**Exercise goal:** In the data below, find the line containing "交流の電圧は上の図のように徐", then set down that line and every later line up to and including the line containing "またハネムーンや新婚旅行につ", exactly.

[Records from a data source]

-- Opening Marker --

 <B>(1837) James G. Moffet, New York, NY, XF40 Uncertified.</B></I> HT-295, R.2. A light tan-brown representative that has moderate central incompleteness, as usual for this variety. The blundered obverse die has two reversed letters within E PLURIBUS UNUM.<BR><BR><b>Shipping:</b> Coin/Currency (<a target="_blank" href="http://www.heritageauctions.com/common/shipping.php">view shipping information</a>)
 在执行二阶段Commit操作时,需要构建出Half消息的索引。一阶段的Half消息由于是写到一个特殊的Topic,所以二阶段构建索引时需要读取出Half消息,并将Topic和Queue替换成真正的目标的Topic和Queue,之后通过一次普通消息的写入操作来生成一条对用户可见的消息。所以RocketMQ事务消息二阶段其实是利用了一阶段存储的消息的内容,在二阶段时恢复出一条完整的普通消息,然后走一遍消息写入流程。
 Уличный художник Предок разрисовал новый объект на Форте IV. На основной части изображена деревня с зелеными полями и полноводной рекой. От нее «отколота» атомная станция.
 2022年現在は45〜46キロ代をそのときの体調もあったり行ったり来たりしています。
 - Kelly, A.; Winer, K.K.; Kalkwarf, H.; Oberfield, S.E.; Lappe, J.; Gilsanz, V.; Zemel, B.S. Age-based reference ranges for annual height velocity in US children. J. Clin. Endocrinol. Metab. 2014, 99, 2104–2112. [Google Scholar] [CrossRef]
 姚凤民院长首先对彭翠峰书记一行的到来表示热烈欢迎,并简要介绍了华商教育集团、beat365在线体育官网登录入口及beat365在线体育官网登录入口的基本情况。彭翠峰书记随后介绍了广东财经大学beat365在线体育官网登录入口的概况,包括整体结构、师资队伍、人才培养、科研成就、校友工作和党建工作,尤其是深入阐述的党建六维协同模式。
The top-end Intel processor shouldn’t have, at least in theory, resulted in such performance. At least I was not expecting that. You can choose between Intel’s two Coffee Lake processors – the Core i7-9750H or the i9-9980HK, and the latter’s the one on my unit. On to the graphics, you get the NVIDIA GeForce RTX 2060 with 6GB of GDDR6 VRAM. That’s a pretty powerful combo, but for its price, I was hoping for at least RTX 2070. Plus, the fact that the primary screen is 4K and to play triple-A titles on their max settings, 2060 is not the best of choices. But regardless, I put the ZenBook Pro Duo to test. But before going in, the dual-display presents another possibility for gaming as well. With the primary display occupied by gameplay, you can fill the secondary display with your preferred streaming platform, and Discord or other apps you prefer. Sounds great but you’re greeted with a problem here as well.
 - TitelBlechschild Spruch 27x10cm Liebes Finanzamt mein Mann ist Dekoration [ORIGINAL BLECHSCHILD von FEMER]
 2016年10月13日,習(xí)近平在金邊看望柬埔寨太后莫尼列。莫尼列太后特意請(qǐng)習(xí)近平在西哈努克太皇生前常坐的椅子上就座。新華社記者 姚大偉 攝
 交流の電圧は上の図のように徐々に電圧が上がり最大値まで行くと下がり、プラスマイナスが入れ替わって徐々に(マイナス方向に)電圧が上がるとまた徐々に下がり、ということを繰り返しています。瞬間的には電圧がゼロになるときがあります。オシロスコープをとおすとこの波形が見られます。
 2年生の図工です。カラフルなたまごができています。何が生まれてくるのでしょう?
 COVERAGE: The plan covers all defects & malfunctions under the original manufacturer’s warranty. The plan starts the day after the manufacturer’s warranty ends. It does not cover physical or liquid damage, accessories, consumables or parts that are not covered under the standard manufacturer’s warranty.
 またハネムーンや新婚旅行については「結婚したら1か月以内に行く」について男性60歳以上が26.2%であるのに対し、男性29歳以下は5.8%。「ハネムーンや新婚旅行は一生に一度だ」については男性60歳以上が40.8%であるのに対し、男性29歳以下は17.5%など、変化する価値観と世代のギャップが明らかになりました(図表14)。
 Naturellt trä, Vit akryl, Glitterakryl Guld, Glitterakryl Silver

-- Closing Marker --

**Your response:**
 交流の電圧は上の図のように徐々に電圧が上がり最大値まで行くと下がり、プラスマイナスが入れ替わって徐々に(マイナス方向に)電圧が上がるとまた徐々に下がり、ということを繰り返しています。瞬間的には電圧がゼロになるときがあります。オシロスコープをとおすとこの波形が見られます。
 2年生の図工です。カラフルなたまごができています。何が生まれてくるのでしょう?
 COVERAGE: The plan covers all defects & malfunctions under the original manufacturer’s warranty. The plan starts the day after the manufacturer’s warranty ends. It does not cover physical or liquid damage, accessories, consumables or parts that are not covered under the standard manufacturer’s warranty.
 またハネムーンや新婚旅行については「結婚したら1か月以内に行く」について男性60歳以上が26.2%であるのに対し、男性29歳以下は5.8%。「ハネムーンや新婚旅行は一生に一度だ」については男性60歳以上が40.8%であるのに対し、男性29歳以下は17.5%など、変化する価値観と世代のギャップが明らかになりました(図表14)。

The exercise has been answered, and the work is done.